News Release — Vermont Commons School
July 19, 2017

Mary Hamilton
[email protected]

Vermont Commons School Receives Coveted Edward E. Ford Foundation Grant to Support Refugee Students and Increase Diversity

South Burlington
Vermont Commons School is excited to announce that they are recipients of a $50,000 grant from the EDWARD E. FORD FOUNDATION (to be matched for a total of $100,000).  The grant will underwrite a program to create access for Refugee students to attend Vermont Commons School and then go on to college. “Many local Refugee students are recruited to colleges on athletic scholarships,” says Head of School DEXTER MAHAFFEY, Ph.D. “Often, however, they are not prepared for the rigors of college academics and end up dropping out.  College preparation is what we do here at Vermont Commons School.  We joke that our sport of choice, so to speak, is Varsity Academics.”

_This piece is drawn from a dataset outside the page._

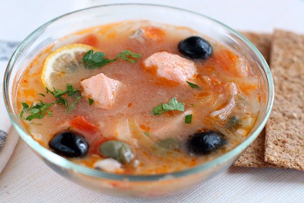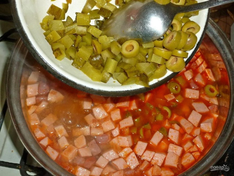 Кстати, вкус солянки станет богаче при добавлении небольшого количества маринада из оливок или каперсов.

The grant will cover that part of tuition that all families on financial assistance are required to contribute for the four years of high school for three refugee students living in the Burlington area.  The grant funds also cover supplies for academics, athletics, transportation and access to Encounter Week trips, such as a visit to sister schools in Peru or China, service work in Belize or St. John U.S.V.I., or backcountry trips in the Maine wilderness.

“In keeping with our mission ‘Scholarship. Community. Global Responsibility.’ we are partnering with the Vermont Refugee Resettlement Program, King St. Center, and the Boys and Girls Club of Burlington, the local organizations with their finger on the pulse of the Refugee community to identify students and families who are interested in rigorous progressive education,” continues Dr. Mahaffey. “In addition, part of this grant will go toward developing partnerships with local colleges and universities to create an avenue for these students to continue–and successfully complete–their post-secondary education.  Often, a Refugee family will have to wait a generation in seeking college, until their financial circumstances allow.  As 100% of Vermont Commons School graduates have gone on to college since our inception in 1997, it is our goal that with these partnerships and our college preparation, that missed opportunity won’t be necessary.”

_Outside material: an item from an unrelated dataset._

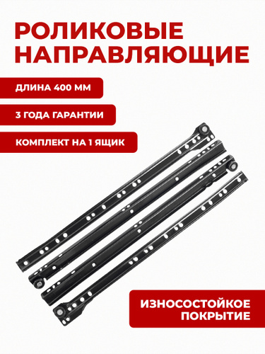 Роликовые направляющие (Комплект направляющих / 400 мм / Для кухни / шкафа/ тумбы)

The E. E. Ford Foundation has been providing grants to independent high schools for 60 years.  Their mission is “ to strengthen and support independent secondary schools and to challenge and inspire them to leverage their unique talents, expertise and resources to advance teaching and learning throughout this country by supporting and disseminating best practice, by supporting efforts to develop and implement models of sustainability, and by encouraging collaboration with other institutions.”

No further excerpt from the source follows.